Semen culture and microbiological examination: The role of pathogens in male fertility and male reproductive health

Ioannis Chrysanthopoulos, B.Sc, M.Sc, Reproductive Biologist - Molecular Biologist

A justified 15% of male infertility cases are attributed to a male genital tract infections (MGTI), which is the third most common cause of male infertility after idiopathic infertility and varicocele. Pathogenic microorganisms are responsible for the most common disorders of the genitourinary system, such as prostatitis, epididymitis, orchitis and urethritis. Prostatitis and epididymitis can cause obstruction of the ejaculatory ducts, leading to oligozoospermia or azoospermia. The infection may also spread to the testis, causing testicular inflammation associated with high infertility rates and even testicular atrophy and cessation of spermatogenesis. It has been established through scientific studies that all -common and not- pathogens can cause damage to both the testicles and the epididymis, affecting both sperm quality and spermatogenesis.

However, the presence of microorganisms in the male reproductive system may remain asymptomatic for long periods of time, affecting the overall reproductive potential of the man and without other visible signs during the examination of the semen / semen analysis (increased concentration of white blood cells, increased pH, increased viscosity, presence of mucus). In particular, it has been shown that in about 50% of men the presence of microorganisms causes inflammation that remains asymptomatic, and this percentage seems to be even higher in young and sexually active men. Without proper testing, these asymptomatic inflammations can remain undetected and untreated, potentially leading to serious complications and/or infertility, and pathogens can also be transmitted to the sexual partner(s) through sexual intercourse.

The most common pathogens in the male genital tract are ureaplasma (Ureaplasma urealyticum), mycoplasma (Mycoplasma hominis/genitalium), enterobacteriaceae (Enterococcus), E. coli (Escherichia coli), staphylococcus aureus, gonorrhea (Neisseria gonorrhoeae) and chlamydia trachomatis (Chlamydia trachomatis). Ureaplasma, mycoplasma, enterococcus and E. coli are the main sources of inflammation and often adversely affect the environment of spermatogenesis through an increase in white blood cells in the genital tract. E. coli in particular, has been shown to be associated with both the development of epididymo-orchitis and prostatitis in 65%-80% of cases.

Enterococcus, E. coli, S. aureus, ureaplasma and mycoplasma have been found to negatively affect many sperm parameters, such as sperm concentration and motility, as well as their mitochondrial membranes. This observation has been highlighted by multiple studies comparing the reproductive potential of men who were positive for microorganisms compared to the parameters of men who were pathogen-free during semen culture. At the same time, different pathogens may be implicated in different negative aspects of fertility, for example, while the presence of ureaplasma may affect the concentration, motility and vitality of spermatozoa, mycoplasma seems to affect only the vitality markers, causing low sperm functionality.

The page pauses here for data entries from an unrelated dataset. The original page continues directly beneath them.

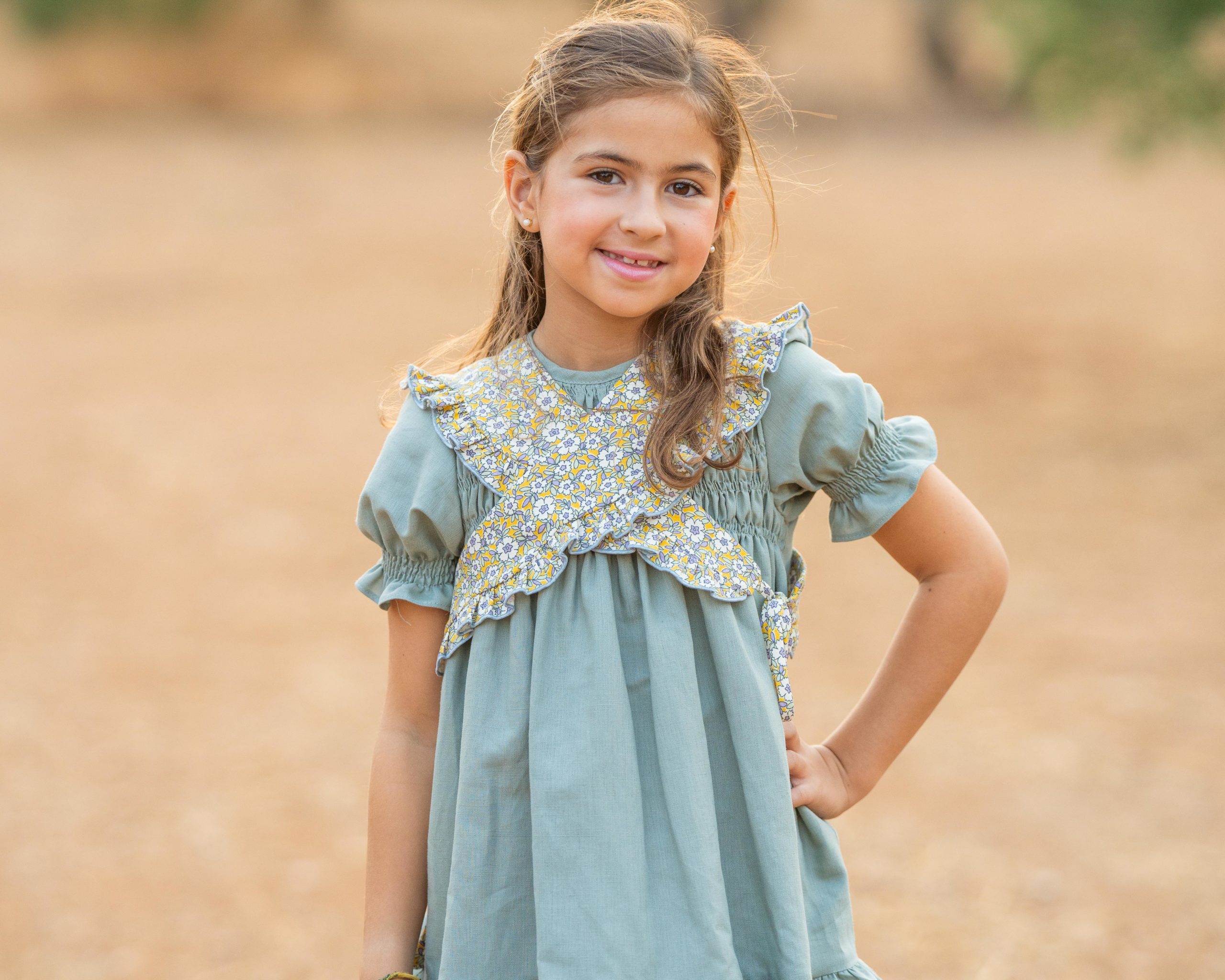 Nuestro vestido ideal para Arras es este Vestido en color verde con su pechera engomada y con la mañanita de flores mostazas, verdes y malvas que puedes poner y quitar cuando quieras. ¡así tendrás dos vestidos!
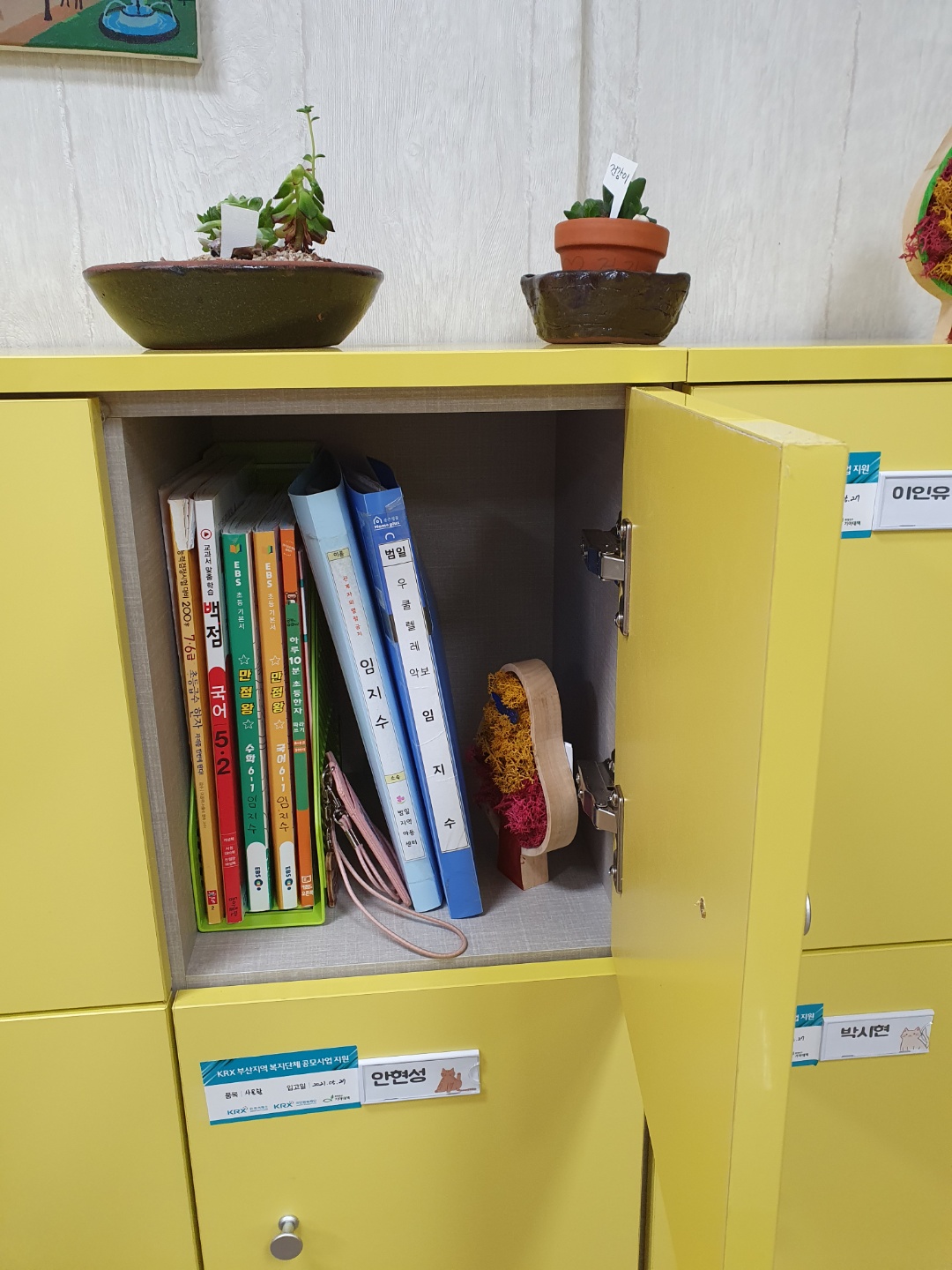 아이들이 주로 사용하는 사물함은 밝은 색으로 선택하여 아이들이 노란색의 사물함을 보고 ‘병아리 같아요.’, ‘사물함이 생겨서 좋아요’ 등 웃으며 각자의 사물함을 열어보며 살펴보는 모습을 볼 수 있었습니다.
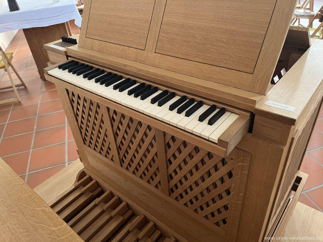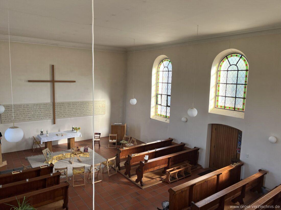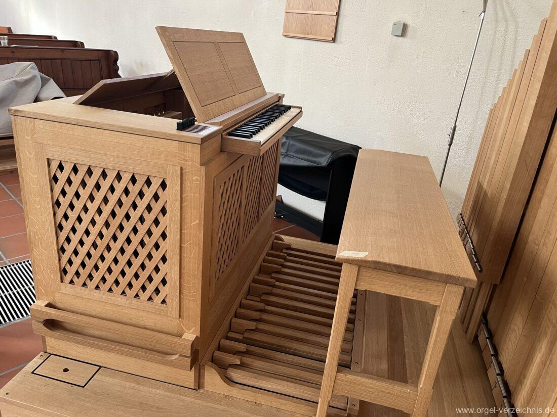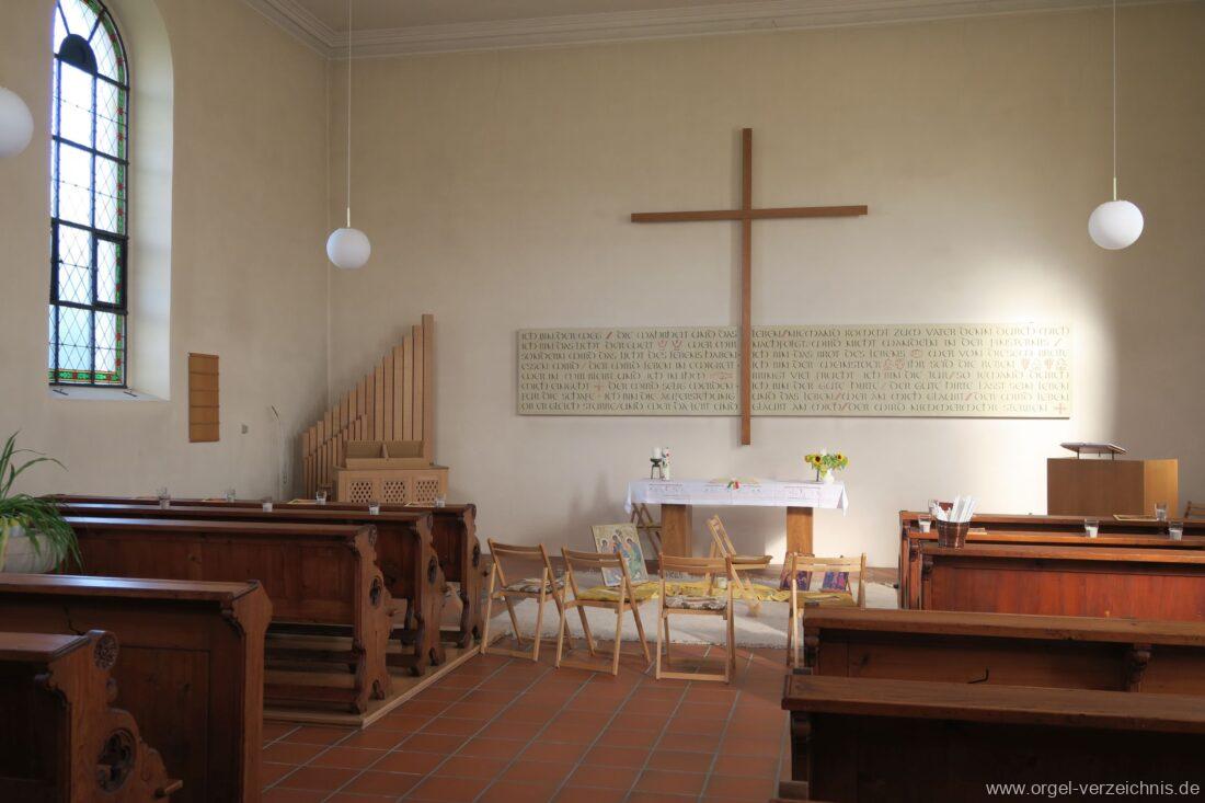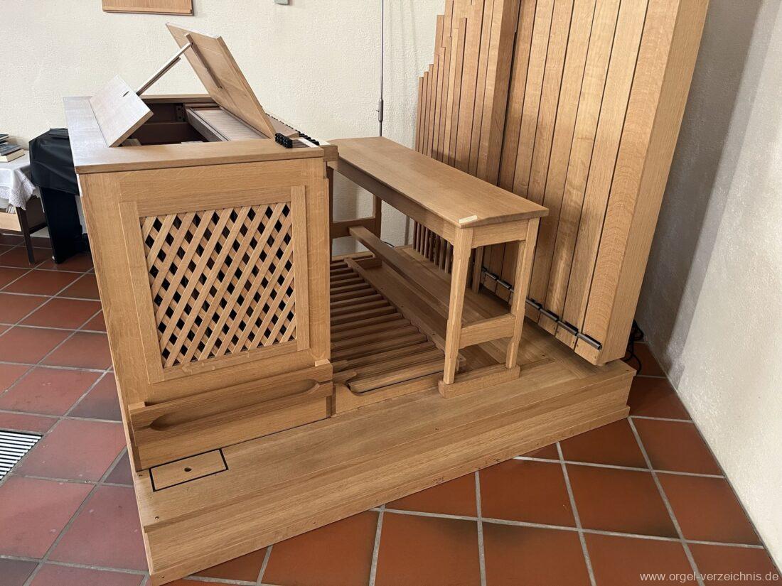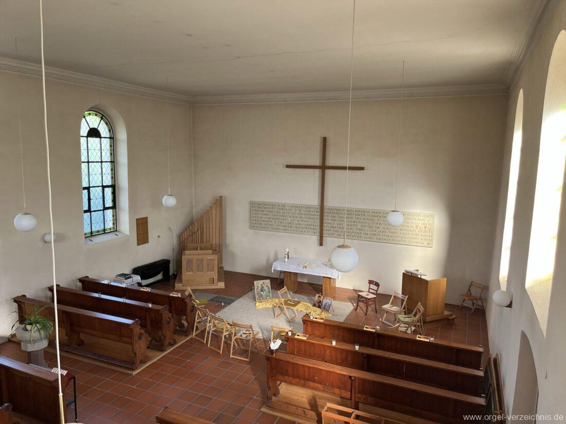 2022 mechanische Schleifladenorgel mit Schleifenteilung, erbaut in der Art einer Truhenorgel (Eichenholz-Gehäuse) mit angehängtem Pedal und eigenem Pedalregister durch Orgelbau Jens Steinhoff (Schwörstadt) I/6 aP. Die Truhenorgel kann separiert werden und in anderen Kirchen der Region zu Konzerten und Veranstaltungen genutzt werden – Einweihung am 13. März 2022 mit LKMD Christoph Bogon.

The presence of pathogens in the male reproductive tract in many cases also activates the normal immune response by producing high concentrations of white blood cells that are detected in the semen. According to the World Health Organization manual (WHO, 2021), leukocytospermia is defined as the presence of white blood cells in the ejaculate at a concentration of more than 1,000,000 cells/ml and is estimated to be found in 10%-20% of infertile men, negatively affecting fertility. In the semen, white blood cells are involved in the induction of an inflammatory response to eliminate pathogens and apoptosis of immature or abnormal spermatozoa through phagocytosis and production of oxygen free radicals (ROS). In cases of leukocytospermia, the concentration of ROS can be as much as 1000 times higher than the concentration normally released by spermatozoa, which leads to increased rates of fragmentation of the genetic material (DNA) of spermatozoa.

In conclusion, the presence of pathogens in the reproductive system may be accompanied by symptoms and signs during semen examination, but may also exist without any accompanying signs. Whether at the level of genital tract infection or at the level of “silent inflammation”, and depending always on the identification of the pathogen, the implications are potentially significant and concern the whole axis of fertility and the general health of the reproductive system. In this context, conventional semen culture, as well as specialized microbiological testing and molecular testing (PCR), can offer a clear diagnosis and can directly help in the management and treatment of any type of inflammation caused by pathogens, but also more broadly enhance the preservation of fertility dynamics and reproductive health in men.